Lines before the one containing "GEM Module Diagnostic Trouble Code Index" are not wanted; restate the rest below word for word, through the last line, but drop any pictures.

======== Data

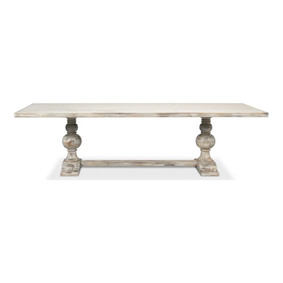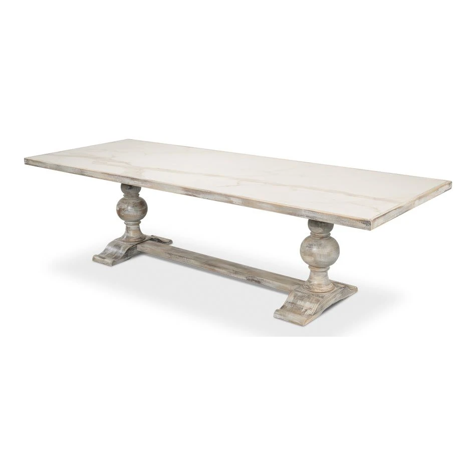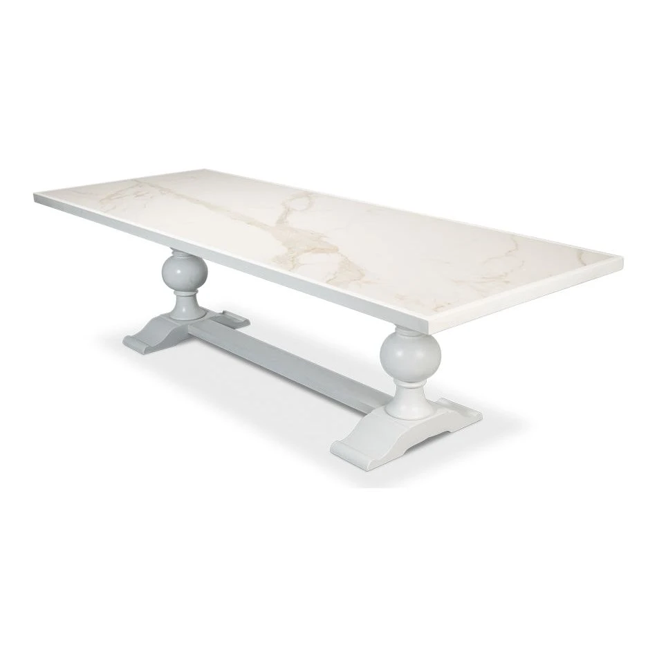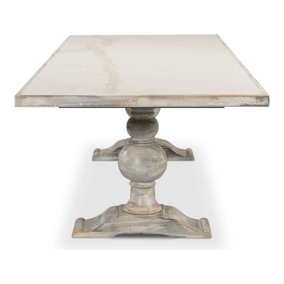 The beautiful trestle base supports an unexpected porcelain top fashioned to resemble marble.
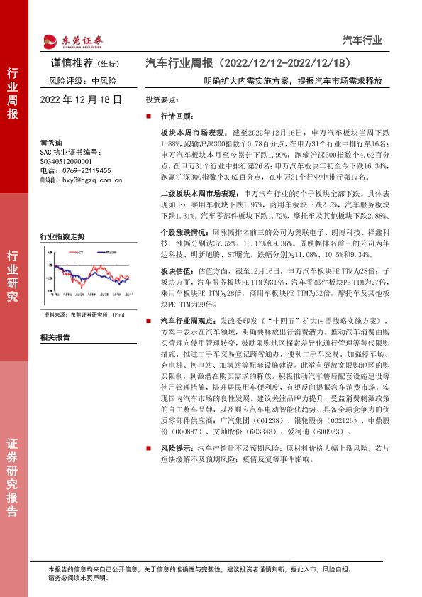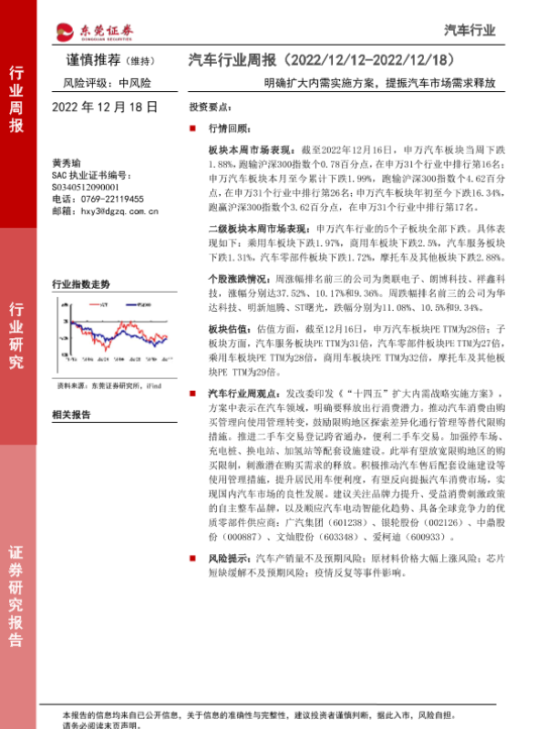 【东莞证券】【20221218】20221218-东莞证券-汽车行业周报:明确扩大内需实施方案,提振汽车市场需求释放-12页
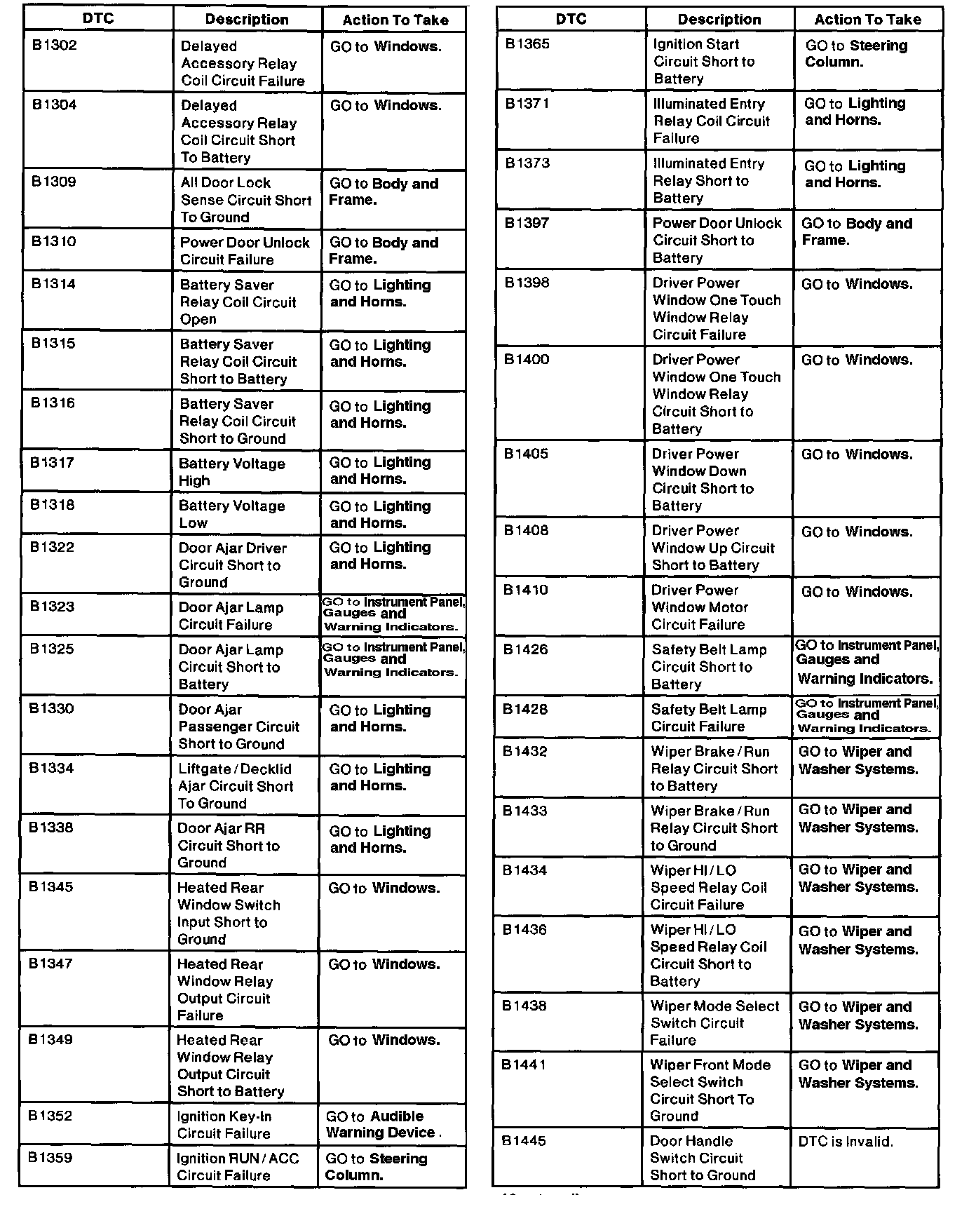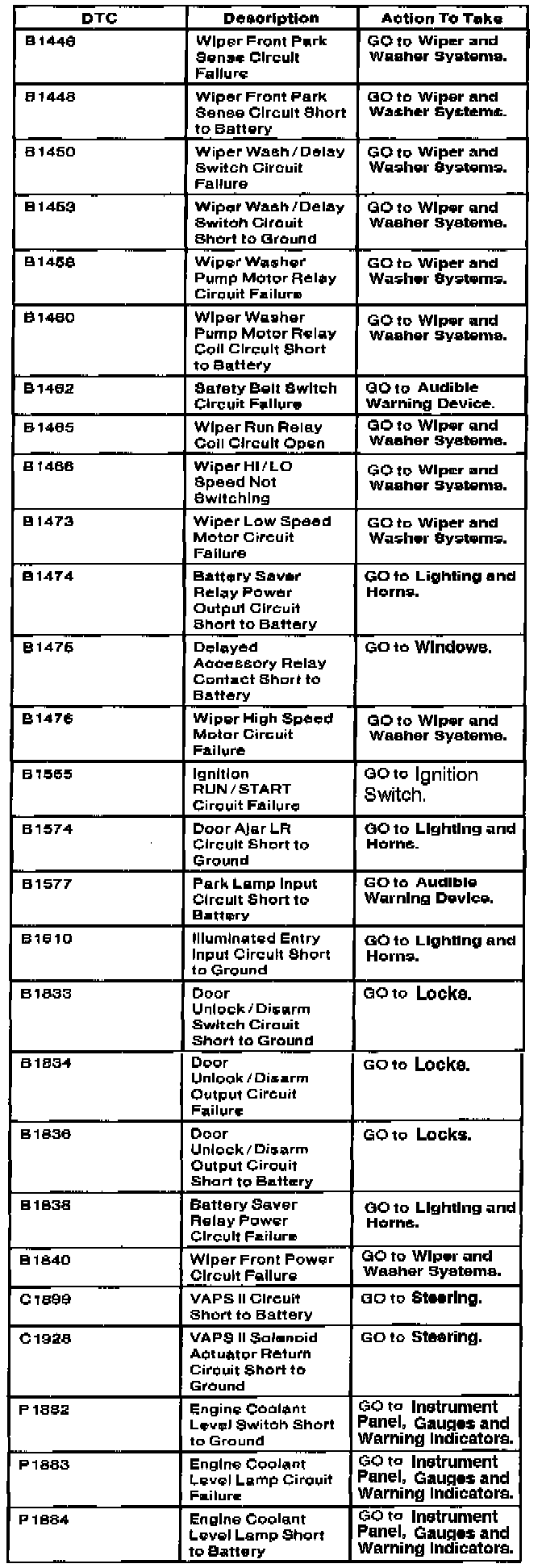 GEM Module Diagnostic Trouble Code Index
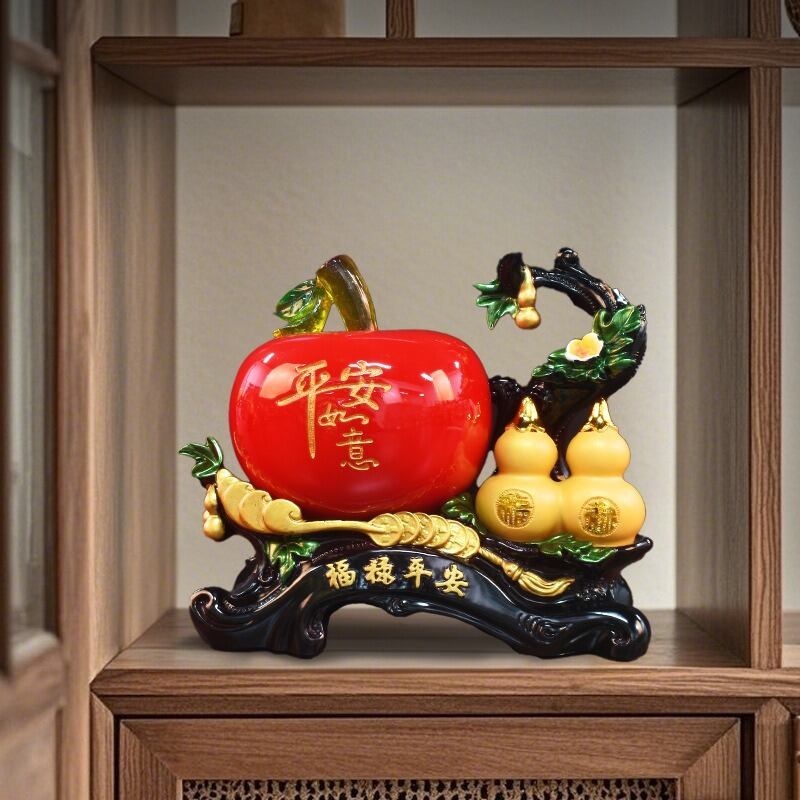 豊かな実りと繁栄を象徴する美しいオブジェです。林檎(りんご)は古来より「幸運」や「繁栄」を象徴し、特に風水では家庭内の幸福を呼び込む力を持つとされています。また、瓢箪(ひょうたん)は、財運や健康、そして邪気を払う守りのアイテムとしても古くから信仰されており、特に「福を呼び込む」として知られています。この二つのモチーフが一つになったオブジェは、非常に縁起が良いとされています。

================

## [Exercise response]
 GEM Module Diagnostic Trouble Code Index
 豊かな実りと繁栄を象徴する美しいオブジェです。林檎(りんご)は古来より「幸運」や「繁栄」を象徴し、特に風水では家庭内の幸福を呼び込む力を持つとされています。また、瓢箪(ひょうたん)は、財運や健康、そして邪気を払う守りのアイテムとしても古くから信仰されており、特に「福を呼び込む」として知られています。この二つのモチーフが一つになったオブジェは、非常に縁起が良いとされています。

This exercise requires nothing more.